Selon le journal sud-africain "Sunday Times" du 7 juin, le vote attribuant l’organisation de la Coupe du monde 2010 à Johannesburg aurait en réalité été gagné par le Maroc. Ce ne serait que grâce à l’intervention de l'inévitable Jack Warner que celle-ci se serait finalement déroulé en Afrique du Sud. Selon le "Sunday Times", le Maroc aurait pourtant payé un pot-de-vin de 1 million de dollars au Trinidadien. Mais celui-ci aurait changé son choix à la dernière minute car il avait reçu davantage d’argent de l’Afrique du Sud.

• Des armes et des investissements allemands pour le Mondial 2006

L’hebdomadaire allemand "Die Zeit" a révélé que le gouvernement de Gerhard Schröder avait livré en 2000 des lance-grenades à l’Arabie saoudite pour s’assurer de son vote lors de l’attribution de l’organisation du Mondial-2006. De même, plusieurs entreprises allemandes sont accusées d’avoir investi des sommes importantes en Asie pour faire gagner quelques voix supplémentaires à la candidature allemande. Selon "Die Zeit", Daimler aurait ainsi injecté plusieurs centaines de millions d’euros dans Hyundaï, une entreprise dont le fils d'un des fondateurs siège au conseil d’administration de la Fifa. Les noms de Volkswagen et Bayer sont également mentionnés par l’hebdomadaire allemand, qui évoque aussi d’importants investissements en Corée du Sud et en Thaïlande. L’Allemagne avait obtenu l’organisation de la Coupe du monde 2006 aux dépens de l’Afrique du Sud après un scrutin très serré (12 voix contre 11).

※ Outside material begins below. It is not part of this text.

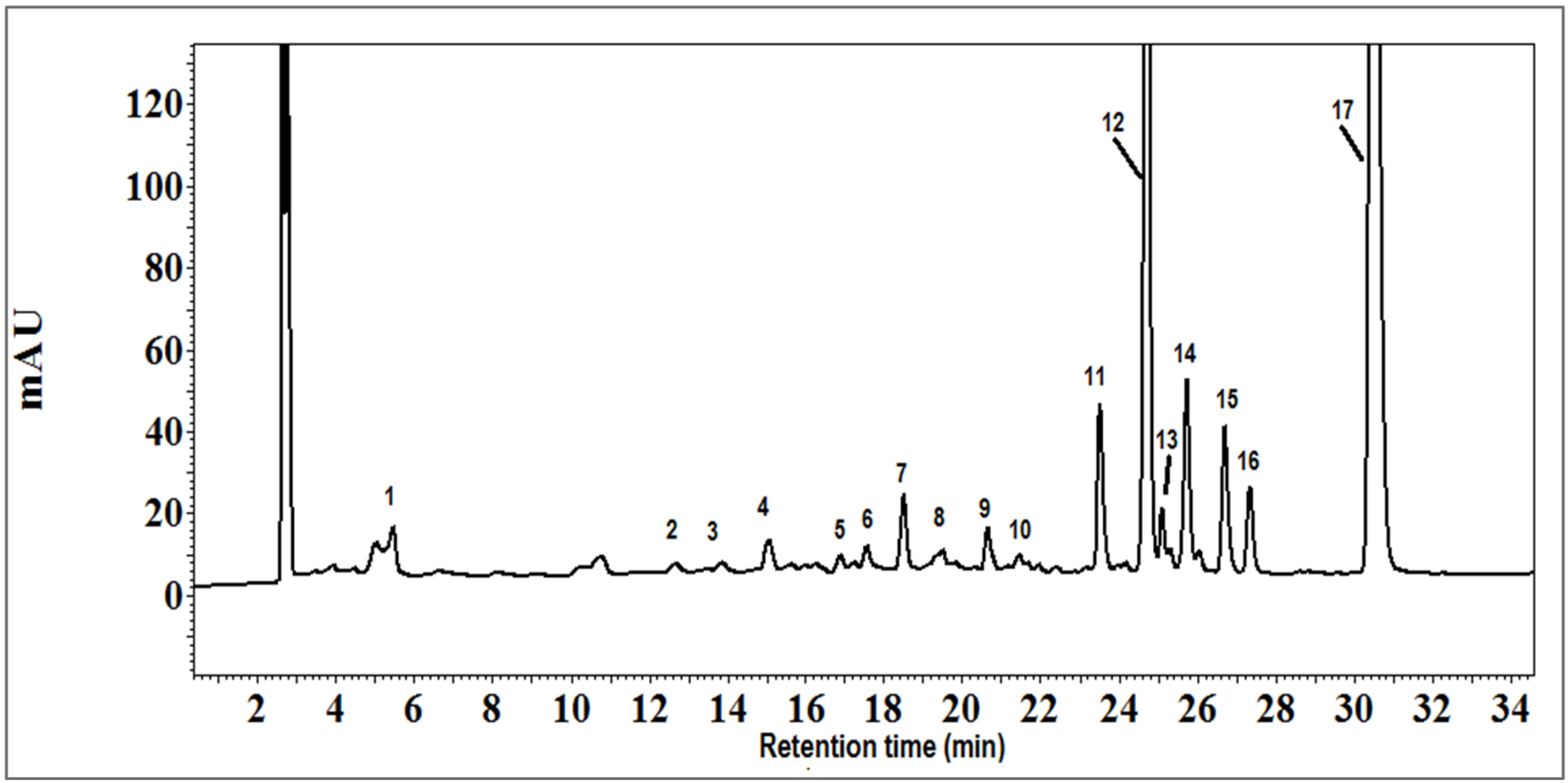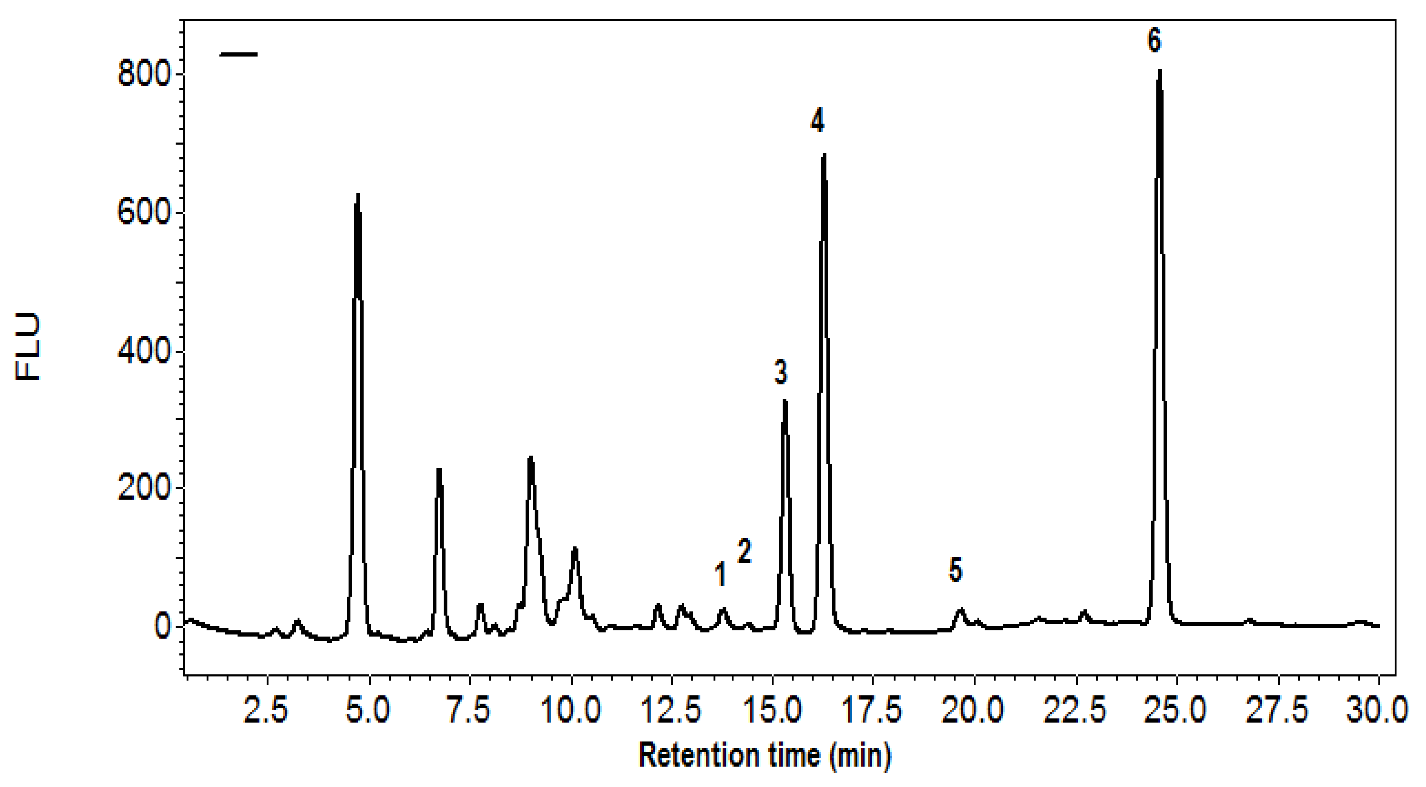2.4. Analysis of Carotenoids, Tocopherols, and Vitamin C

Toutes ces révélations ne semblent toutefois pas avoir ébranlé Jack Warner, sous le coup d’une demande d’extradition de la justice américaine. Âgé de 72 ans, le Trinidadien s'est ainsi tranquillement rendu à son bureau, samedi 6 juin, au sud de Port-d’Espagne, la capitale de Trinité-et-Tobago, où il est député. À son arrivée, une longue file de ses partisans attendaient depuis 2 h du matin afin d'être reçus par celui qui se présente "comme un Robin des bois".

Mais la pression monte. Le ministre de la Justice de cette île située en mer des Caraïbes, Prakash Ramadar, lui a ainsi demandé, dimanche, sur la chaîne britannique Sky News, d'aller se rendre aux enquêteurs américains à New York : "S'il aime son pays, c'est ce qu'il doit faire".